== INFORMATION ==

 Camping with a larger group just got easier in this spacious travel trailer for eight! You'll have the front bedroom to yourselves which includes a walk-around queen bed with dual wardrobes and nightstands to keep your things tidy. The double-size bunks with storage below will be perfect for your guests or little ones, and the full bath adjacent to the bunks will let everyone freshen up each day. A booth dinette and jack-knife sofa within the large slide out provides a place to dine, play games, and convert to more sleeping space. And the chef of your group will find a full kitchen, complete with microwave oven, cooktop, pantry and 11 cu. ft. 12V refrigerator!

===
== INFORMATION ==

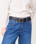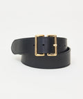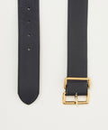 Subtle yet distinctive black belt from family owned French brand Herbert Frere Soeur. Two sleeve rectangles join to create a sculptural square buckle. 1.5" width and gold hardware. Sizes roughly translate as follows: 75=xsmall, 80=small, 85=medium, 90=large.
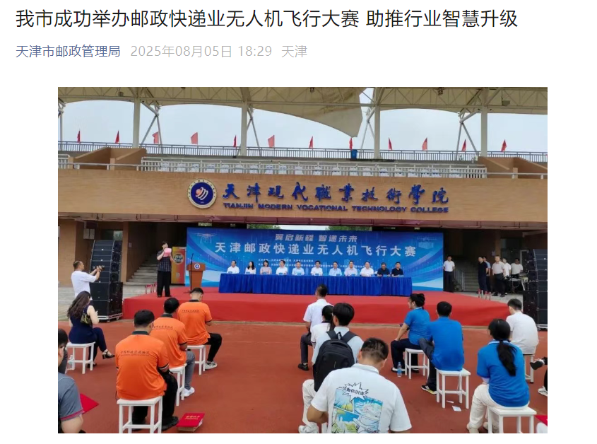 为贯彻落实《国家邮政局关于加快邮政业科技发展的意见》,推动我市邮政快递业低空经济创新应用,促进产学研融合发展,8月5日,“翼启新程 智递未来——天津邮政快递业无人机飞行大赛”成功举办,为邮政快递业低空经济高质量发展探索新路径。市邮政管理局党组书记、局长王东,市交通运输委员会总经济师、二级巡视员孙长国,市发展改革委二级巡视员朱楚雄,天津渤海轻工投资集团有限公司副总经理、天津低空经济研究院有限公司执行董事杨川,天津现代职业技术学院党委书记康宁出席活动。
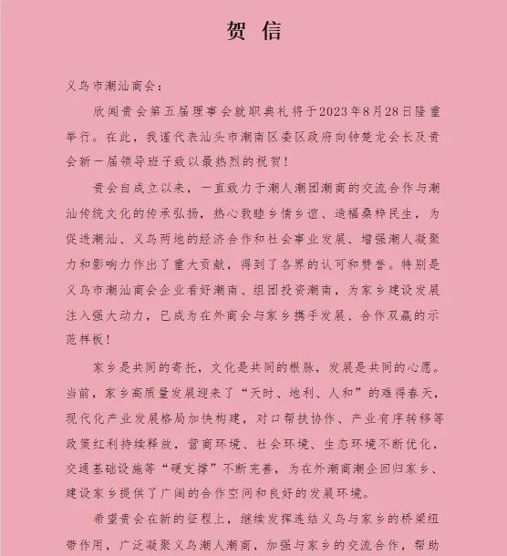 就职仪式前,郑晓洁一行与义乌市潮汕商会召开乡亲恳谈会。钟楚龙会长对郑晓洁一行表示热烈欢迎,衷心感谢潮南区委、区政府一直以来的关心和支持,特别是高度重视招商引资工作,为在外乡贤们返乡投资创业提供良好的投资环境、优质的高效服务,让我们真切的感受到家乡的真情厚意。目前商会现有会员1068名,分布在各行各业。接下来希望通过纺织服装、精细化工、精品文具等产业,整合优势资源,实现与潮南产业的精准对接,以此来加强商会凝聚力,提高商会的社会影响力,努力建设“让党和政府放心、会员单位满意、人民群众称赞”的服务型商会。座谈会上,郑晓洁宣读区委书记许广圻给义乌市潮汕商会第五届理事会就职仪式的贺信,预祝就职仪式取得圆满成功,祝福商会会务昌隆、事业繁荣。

===
== INFORMATION ==

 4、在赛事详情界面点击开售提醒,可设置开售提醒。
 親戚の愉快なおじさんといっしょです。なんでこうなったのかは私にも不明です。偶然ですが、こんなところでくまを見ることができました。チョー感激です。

===

- **PROBLEM DESCRIPTION**
When copying from the data above, begin at the line containing "Subtle yet distinctive" and end at the line containing "就职仪式前,郑晓洁一行与义乌"; return those lines exactly and leave all pictures behind.

- **YOUR SOLUTION**
 Subtle yet distinctive black belt from family owned French brand Herbert Frere Soeur. Two sleeve rectangles join to create a sculptural square buckle. 1.5" width and gold hardware. Sizes roughly translate as follows: 75=xsmall, 80=small, 85=medium, 90=large.
 为贯彻落实《国家邮政局关于加快邮政业科技发展的意见》,推动我市邮政快递业低空经济创新应用,促进产学研融合发展,8月5日,“翼启新程 智递未来——天津邮政快递业无人机飞行大赛”成功举办,为邮政快递业低空经济高质量发展探索新路径。市邮政管理局党组书记、局长王东,市交通运输委员会总经济师、二级巡视员孙长国,市发展改革委二级巡视员朱楚雄,天津渤海轻工投资集团有限公司副总经理、天津低空经济研究院有限公司执行董事杨川,天津现代职业技术学院党委书记康宁出席活动。
 就职仪式前,郑晓洁一行与义乌市潮汕商会召开乡亲恳谈会。钟楚龙会长对郑晓洁一行表示热烈欢迎,衷心感谢潮南区委、区政府一直以来的关心和支持,特别是高度重视招商引资工作,为在外乡贤们返乡投资创业提供良好的投资环境、优质的高效服务,让我们真切的感受到家乡的真情厚意。目前商会现有会员1068名,分布在各行各业。接下来希望通过纺织服装、精细化工、精品文具等产业,整合优势资源,实现与潮南产业的精准对接,以此来加强商会凝聚力,提高商会的社会影响力,努力建设“让党和政府放心、会员单位满意、人民群众称赞”的服务型商会。座谈会上,郑晓洁宣读区委书记许广圻给义乌市潮汕商会第五届理事会就职仪式的贺信,预祝就职仪式取得圆满成功,祝福商会会务昌隆、事业繁荣。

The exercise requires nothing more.